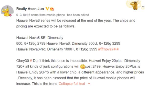 华为Nova 8可能会配备Dimensity 800U芯片组。它的8 GB RAM + 128 GB存储空间的价格为3299元(482美元)。Nova 8 Pro可能配备Dimensity 1000U芯片组。它的8 GB RAM + 128 GB存储版本的价格为3999元(585美元)。
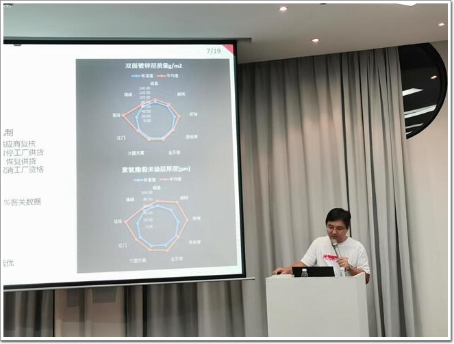 由萬科采筑合伙人/產品總監劉繼忠分享萬科采筑平臺的運營模式和采購管理經驗,針對材料的采購從品質、成本、標準及采筑模式上進行詳細講解,劉總發言中提到以摒棄簡單低價中標的模式,堅持技術參數和天網檢測的嚴謹基礎,寶貴經驗分享得到來自龍湖、招商等房企的認同贊許。
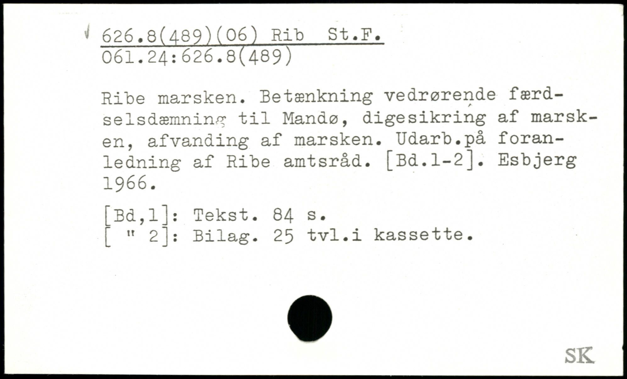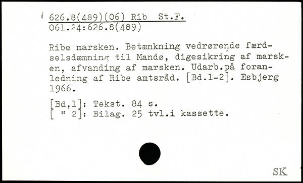 Ribe marsken. Betænkning vedrørende færdselsdæmning til Mandø, dige sikring af marsken, afvanding af marsken. Udarb.på foranledning af Ribe amtsråd. [
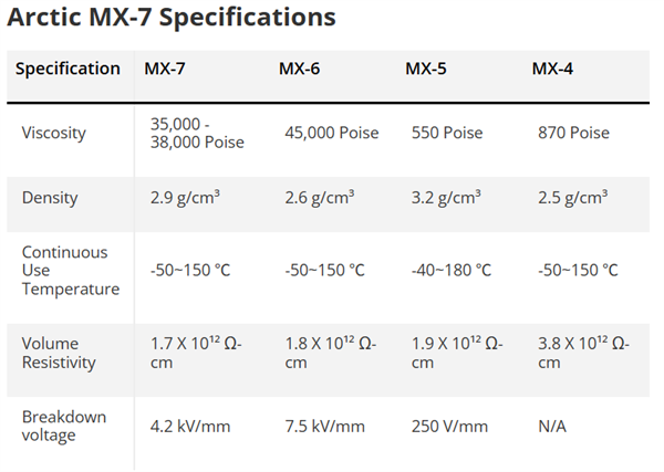 不同于其他散热产品,Artic从不公布大家最关注的导热系数,而是给出其他诸多参数:
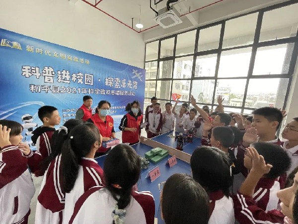 11月3日,和平县科协“科普进校园·探索乐无穷”科普大篷车走进福星中学,智能机器人、VR体验……一件件科技感十足、操作性强的科普展品引得同学们不时发出阵阵惊叹。
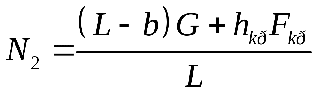 2. Рассчитать нормальные нагрузки на передний N1 (кН) и задний N2 (кН) мосты колесного трактора в зависимости от крюкового усилия Fkр (кН) и базы трактора L (м).

____________________

Apart from the images, reproduce the listing exactly as it appears.

:: Solution for this exercise ::
 华为Nova 8可能会配备Dimensity 800U芯片组。它的8 GB RAM + 128 GB存储空间的价格为3299元(482美元)。Nova 8 Pro可能配备Dimensity 1000U芯片组。它的8 GB RAM + 128 GB存储版本的价格为3999元(585美元)。
 由萬科采筑合伙人/產品總監劉繼忠分享萬科采筑平臺的運營模式和采購管理經驗,針對材料的采購從品質、成本、標準及采筑模式上進行詳細講解,劉總發言中提到以摒棄簡單低價中標的模式,堅持技術參數和天網檢測的嚴謹基礎,寶貴經驗分享得到來自龍湖、招商等房企的認同贊許。
 Ribe marsken. Betænkning vedrørende færdselsdæmning til Mandø, dige sikring af marsken, afvanding af marsken. Udarb.på foranledning af Ribe amtsråd. [
 不同于其他散热产品,Artic从不公布大家最关注的导热系数,而是给出其他诸多参数:
 11月3日,和平县科协“科普进校园·探索乐无穷”科普大篷车走进福星中学,智能机器人、VR体验……一件件科技感十足、操作性强的科普展品引得同学们不时发出阵阵惊叹。
 2. Рассчитать нормальные нагрузки на передний N1 (кН) и задний N2 (кН) мосты колесного трактора в зависимости от крюкового усилия Fkр (кН) и базы трактора L (м).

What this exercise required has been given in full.